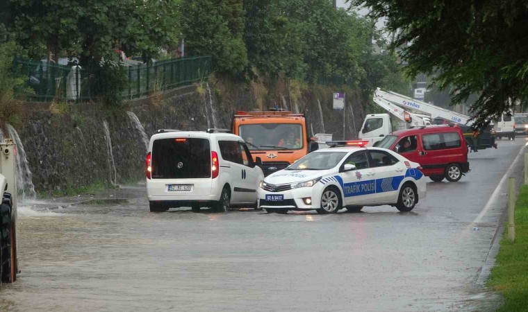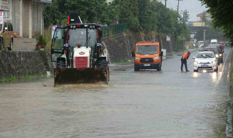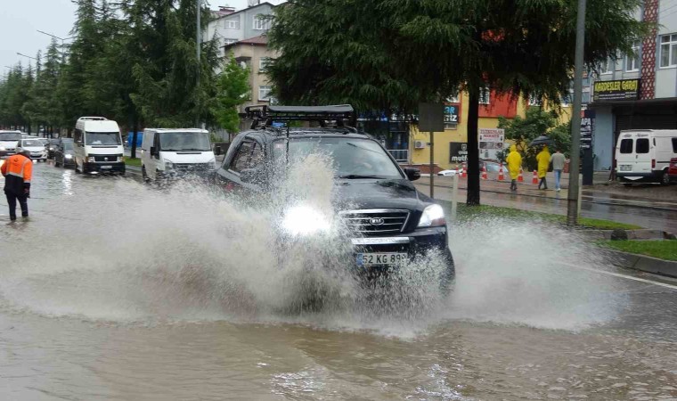 Ordu’da öğle saatlerinde başlayan ve etkisini sürdüren sağanak, sürücülere ve vatandaşlara zor anlar yaşattı, su birikintisinin olduğu yol geçici olarak ulaşıma kapandı.
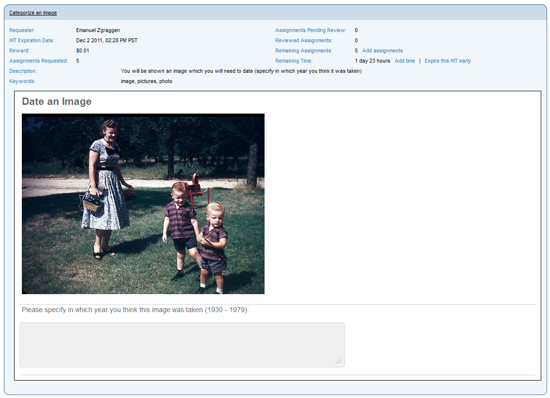 Even for humans this task is really hard. In order to get an estimate of how good humans are, I randomly sampled 50 images from each decade and posted them on Amazon Mechanical Turk as a classification HIT (Human Intelligence Tasks). Each image was dated by 5 different workers and each HIT was rewarded with 0.01$. The workers were asked to assign a specific year in the range of 1930 - 1979 to each image. The 1'250 results were compared against the ground-truth and converted into a simple accuracy (number of correct classifications / number of trials). For this evaluation I only considered if the decade was correct. With an accuracy of 26.64% humans are only slightly better than chance (20%). One interesting phenomenon is that humans tend to classify images to more recent decades. A lot more images got classified to the 70s category than to any other.
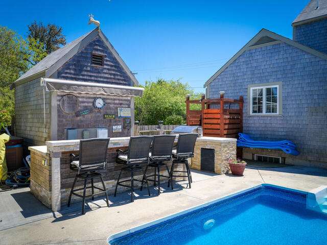 Centrally Located Nantucket Retreat with Backyard Oasis. Discover the perfect blend of custom and comfort in this newly renovated Nantucket home, ideally located with close proximity to Miacomet Golf Club, Surfside Beach and Town. Thoughtfully designed and currently configured as a five-bedroom, three-bath residence, this property offers exceptional versatility and a seamless indoor-outdoor lifestyle. Step inside to an open-concept first floor featuring a custom chef s kitchen with high-end appliances, flowing effortlessly into the bright living and dining areas ideal for entertaining. Two spacious bedrooms on this level share a beautifully updated full bath with a stall shower. Upstairs, the private primary suite offers a serene escape with a cozy sitting area and a custom-designed bathroom featuring a double vanity and oversized walk-in shower. The finished lower level expands the living space with a galley kitchen, TV/sitting area, two additional bedrooms, and a full bath perfect
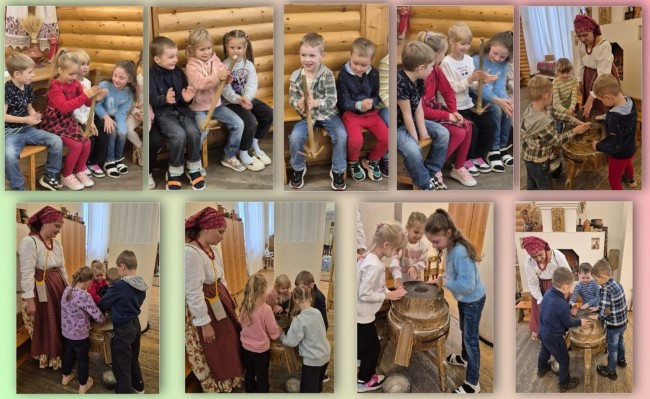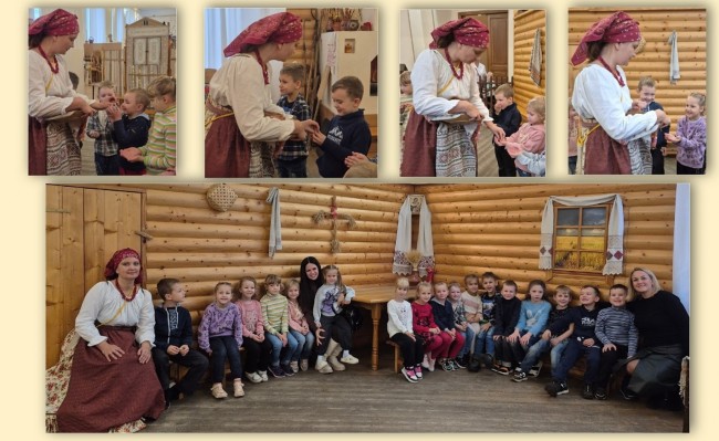 21 сентября мы с детьми нашей группы ездили на экскурсию в «Сказкин дом». На экскурсии мы знакомились с русскими традициями встречи осени. Ребята узнали, как наши предки предсказывали погоду, предвещали урожай, как судили о достатке. Детям рассказали о том, что все были заняты своей работой по дому, никто не «бил баклуши». Маленькие дети помогали убираться в доме, мальчики помогали мужчинам, девочки – убирали дом, шили, принимали участие в приготовлении пищи. Ребята отгадывали загадки про овощи и фрукты, узнали, какой долгий путь совершает хлеб, прежде чем попасть к нам на стол, угадывали с какого дерева листок, увидели серп, веретено, лапти, вышивки и самодельные куклы и игрушки. Экскурсия была очень интересной и познавательной.

______________________________

Set down the material once more, exactly, with the pictures omitted.

● Answer below:
 Ordu’da öğle saatlerinde başlayan ve etkisini sürdüren sağanak, sürücülere ve vatandaşlara zor anlar yaşattı, su birikintisinin olduğu yol geçici olarak ulaşıma kapandı.
 Even for humans this task is really hard. In order to get an estimate of how good humans are, I randomly sampled 50 images from each decade and posted them on Amazon Mechanical Turk as a classification HIT (Human Intelligence Tasks). Each image was dated by 5 different workers and each HIT was rewarded with 0.01$. The workers were asked to assign a specific year in the range of 1930 - 1979 to each image. The 1'250 results were compared against the ground-truth and converted into a simple accuracy (number of correct classifications / number of trials). For this evaluation I only considered if the decade was correct. With an accuracy of 26.64% humans are only slightly better than chance (20%). One interesting phenomenon is that humans tend to classify images to more recent decades. A lot more images got classified to the 70s category than to any other.
 Centrally Located Nantucket Retreat with Backyard Oasis. Discover the perfect blend of custom and comfort in this newly renovated Nantucket home, ideally located with close proximity to Miacomet Golf Club, Surfside Beach and Town. Thoughtfully designed and currently configured as a five-bedroom, three-bath residence, this property offers exceptional versatility and a seamless indoor-outdoor lifestyle. Step inside to an open-concept first floor featuring a custom chef s kitchen with high-end appliances, flowing effortlessly into the bright living and dining areas ideal for entertaining. Two spacious bedrooms on this level share a beautifully updated full bath with a stall shower. Upstairs, the private primary suite offers a serene escape with a cozy sitting area and a custom-designed bathroom featuring a double vanity and oversized walk-in shower. The finished lower level expands the living space with a galley kitchen, TV/sitting area, two additional bedrooms, and a full bath perfect
 21 сентября мы с детьми нашей группы ездили на экскурсию в «Сказкин дом». На экскурсии мы знакомились с русскими традициями встречи осени. Ребята узнали, как наши предки предсказывали погоду, предвещали урожай, как судили о достатке. Детям рассказали о том, что все были заняты своей работой по дому, никто не «бил баклуши». Маленькие дети помогали убираться в доме, мальчики помогали мужчинам, девочки – убирали дом, шили, принимали участие в приготовлении пищи. Ребята отгадывали загадки про овощи и фрукты, узнали, какой долгий путь совершает хлеб, прежде чем попасть к нам на стол, угадывали с какого дерева листок, увидели серп, веретено, лапти, вышивки и самодельные куклы и игрушки. Экскурсия была очень интересной и познавательной.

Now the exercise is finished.